The Hadoop Snappy native libraries can optionally be loaded in order to get
better performance with files that have been compressed in the Hadoop-specific
Snappy format.

### Known Issues and Limitations

#### Data Format Support

Currently the only data format supported is newline delimited JSON with each
line having a JSON object that is identical in structure without missing
nodes. In future versions, parsing of JSON will become more flexible and other
data formats will be supported like CSV and [parquet](https://parquet.apache.org).

#### Filename Extension Limitations

All compressed data files must have a filename extension that matches the
compression algorithm.

#### Dynamic Column Definition is by the First Line

Column parsing is done by reading the first line of the smallest file in the
logical table file path. If this first line differs structurally from the data
in other lines and files, you will get inconsistent results or errors.
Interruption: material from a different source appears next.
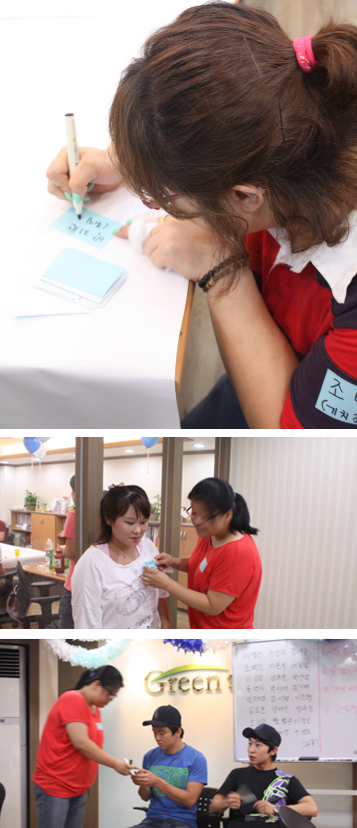 »õ·Î¿î Âü¼®ÀÚ°¡ µµÂøÇÒ ¶§¸¶´Ù Á¶¹éÁø¾¾°¡ À̸§Ç¥¸¦ ÀÛ¼ºÇØ Á̴ּä´Ï´Ù.

For non-compressed data files the connector will do a HTTP range request on the
data file in order to avoid downloading the entire file to get the first line.
The setting for the maximum number of bytes per line is configurable via the
`manta.max_bytes_per_line` parameter. The default value is `10240`.
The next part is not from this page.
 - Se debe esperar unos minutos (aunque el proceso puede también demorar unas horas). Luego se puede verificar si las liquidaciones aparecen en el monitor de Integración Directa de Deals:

#### Bandwidth Considerations

All queries to Manta involve downloading multiple data files off of Manta to
Presto worker(s). By the design, this is a bandwidth intensive operation. It is
best to have your Presto workers and server located geographically near your
Manta installation with a high bandwidth link between them. For example, in the
case of the Triton Public Cloud, if you are using the Manta installation located
in the US-EAST region, then running Presto in one of the US-EAST data centers /
availability zones is ideal.

#### HTTP Pool Settings

Since queries to Manta from Presto are done concurrently per remote file,
you may want to increase the maximum connections setting to Manta above the
default of `24`. If you see errors related to timeouts when waiting for a
connection from the HTTP pool for Apache HTTP client, it is indicative of a
`manta.max_connections` setting too low.

## Development

### Building the Project

To build the Presto Manta Connector you will need [Maven 3.0+](https://maven.apache.org).
Using Maven, execute:
```
mvn clean install
```

### Contributing

See our [contribution guide](./CONTRIBUTING.md) for more information on
contributing changes to the project.

### Bugs

See .

## License
The Presto Manta Connector is licensed under the MPLv2. Please see the
[LICENSE](./LICENSE) file for more details.